**TASK DIRECTIONS**
Could you repeat all of the entries exactly, leaving out any pictures?

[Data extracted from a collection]
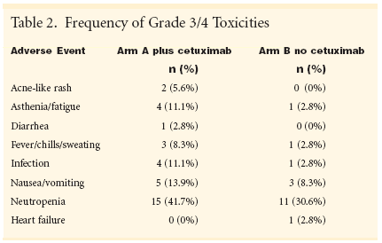 Although 61% of patients in theexperimental arm had grades 3/4 adverseevents and seven were withdrawnfrom the study, the investigators reportedthat cetuximab did not appearto increase chemotherapy toxicity.Among patients who received the standardregimen without cetuximab,69.4% had grades 3/4 adverse eventsand four could not continue on study.The most common adverse eventsin both groups were neutropenia followedby nausea/vomiting. Two patientson cetuximab experienced rash,which other researchers have correlatedwith response to EGFR-targetingagents (see Table 2)."The safety profile at this point isgood, without major increase of toxicityregarding cytotoxic chemotherapy,"Dr. Gatzemeier said. "Adverseevents like rash and the relation toresponse have to be analyzed."
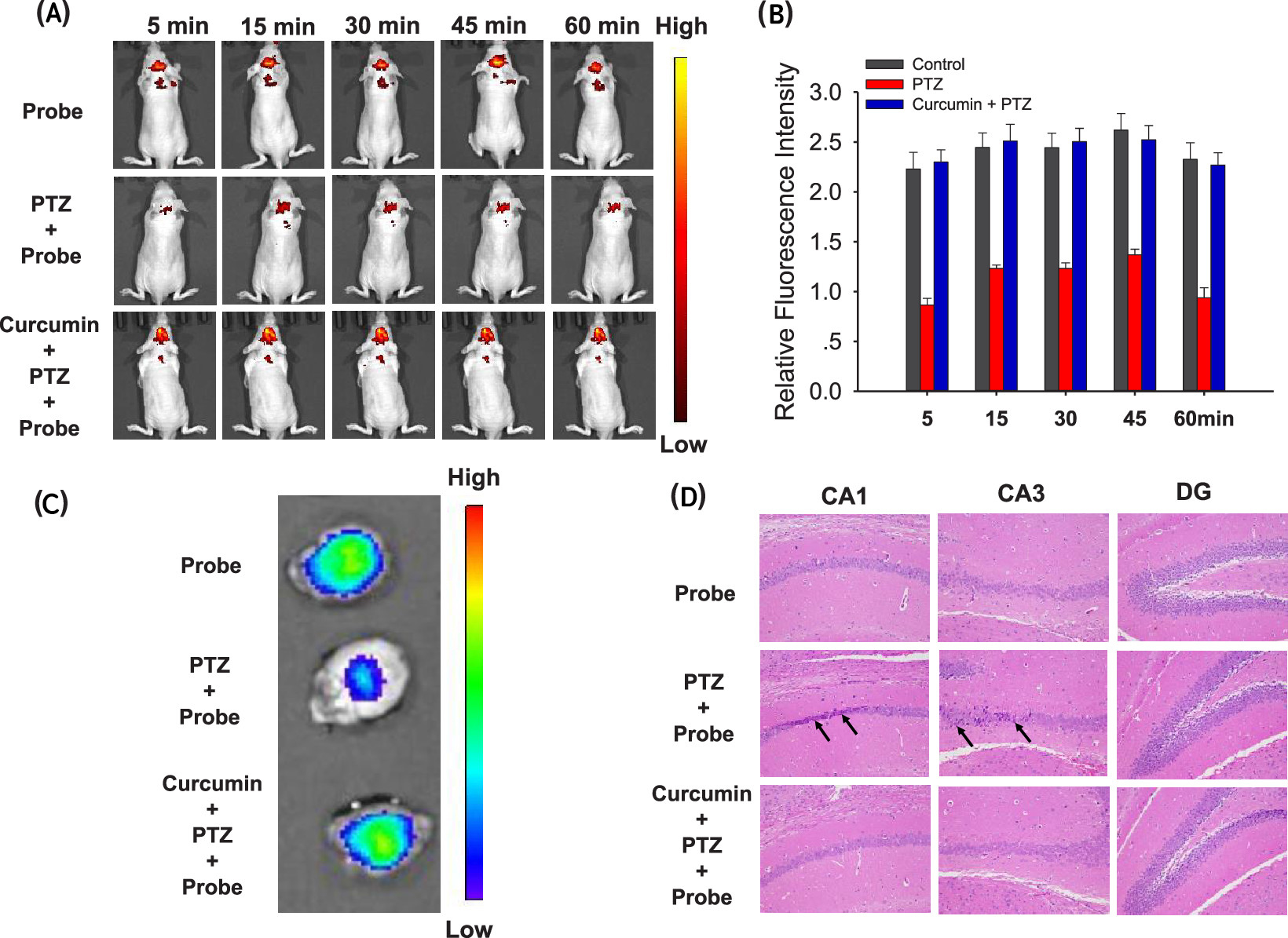 图3 (A)小鼠体内荧光成像(从上到下依次为健康小鼠、癫痫小鼠和姜黄素治疗的癫痫小鼠图像); (B)图(A)中健康小鼠、癫痫小鼠和姜黄素治疗的癫痫小鼠对应的荧光强度; (C)小鼠分离脑的荧光图像; (D)癫痫小鼠给药后海马区神经元损伤[50]Figure 3 (A) In vivo fluorescence imaging of mice (from top to bottom, images of healthy mice, epileptic mice, and curcumin-treated epileptic mice); (B) Fluorescence intensity of healthy mice, epilepsy mice, and epilepsy mice treated with curcumin in Figure (A); (C) Fluorescence image of mouse isolated brain; (D) Neuronal damage in the hippocampus after administration in epileptic mice[50] |
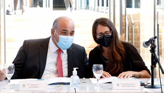El Jefe de Gabinete, Juan Manzur, y la ministra de las Mujeres, Géneros y Diversidad, Elizabeth Gómez Alcorta, encabezaron hoy un nuevo encuentro de trabajo del primer Gabinete de Transversalización de las Políticas de Género que busca «garantizar que la perspectiva se traduzca de manera efectiva en políticas públicas».
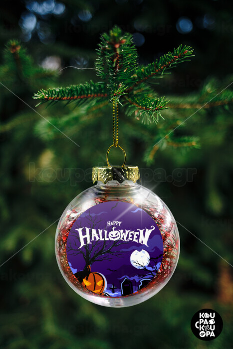 Happy Halloween cemetery, Transparent Christmas tree ball ornament with red filling 8cm
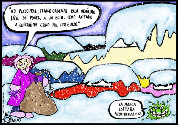 La EsPPaña neoliberal privatizada gestiona tan bien el asunto de la nieve gracias a que el Gobierno y su posición sin descanso, se empeña en que la ciudadanía que no tenga yate, avión privado o sucedáneos, esté avisada y abastecida a tiempo completo y pueda moverse sin que la nieve o cualquier otra inclemencia le sorprenda. Asimismo les recuerda, el aprecio fraternal que sienten las empresas y el Estado PPatriótico por los compatriotas. ¡Nada que ver con el poner precio del mercado neoliberal!
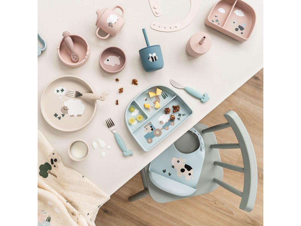 Stick and stay silikonový talíř Tiny farm - pískový

**WORKED SOLUTION**
 Although 61% of patients in theexperimental arm had grades 3/4 adverseevents and seven were withdrawnfrom the study, the investigators reportedthat cetuximab did not appearto increase chemotherapy toxicity.Among patients who received the standardregimen without cetuximab,69.4% had grades 3/4 adverse eventsand four could not continue on study.The most common adverse eventsin both groups were neutropenia followedby nausea/vomiting. Two patientson cetuximab experienced rash,which other researchers have correlatedwith response to EGFR-targetingagents (see Table 2)."The safety profile at this point isgood, without major increase of toxicityregarding cytotoxic chemotherapy,"Dr. Gatzemeier said. "Adverseevents like rash and the relation toresponse have to be analyzed."
 图3 (A)小鼠体内荧光成像(从上到下依次为健康小鼠、癫痫小鼠和姜黄素治疗的癫痫小鼠图像); (B)图(A)中健康小鼠、癫痫小鼠和姜黄素治疗的癫痫小鼠对应的荧光强度; (C)小鼠分离脑的荧光图像; (D)癫痫小鼠给药后海马区神经元损伤[50]Figure 3 (A) In vivo fluorescence imaging of mice (from top to bottom, images of healthy mice, epileptic mice, and curcumin-treated epileptic mice); (B) Fluorescence intensity of healthy mice, epilepsy mice, and epilepsy mice treated with curcumin in Figure (A); (C) Fluorescence image of mouse isolated brain; (D) Neuronal damage in the hippocampus after administration in epileptic mice[50] |
El Jefe de Gabinete, Juan Manzur, y la ministra de las Mujeres, Géneros y Diversidad, Elizabeth Gómez Alcorta, encabezaron hoy un nuevo encuentro de trabajo del primer Gabinete de Transversalización de las Políticas de Género que busca «garantizar que la perspectiva se traduzca de manera efectiva en políticas públicas».
 Happy Halloween cemetery, Transparent Christmas tree ball ornament with red filling 8cm
 La EsPPaña neoliberal privatizada gestiona tan bien el asunto de la nieve gracias a que el Gobierno y su posición sin descanso, se empeña en que la ciudadanía que no tenga yate, avión privado o sucedáneos, esté avisada y abastecida a tiempo completo y pueda moverse sin que la nieve o cualquier otra inclemencia le sorprenda. Asimismo les recuerda, el aprecio fraternal que sienten las empresas y el Estado PPatriótico por los compatriotas. ¡Nada que ver con el poner precio del mercado neoliberal!
 Stick and stay silikonový talíř Tiny farm - pískový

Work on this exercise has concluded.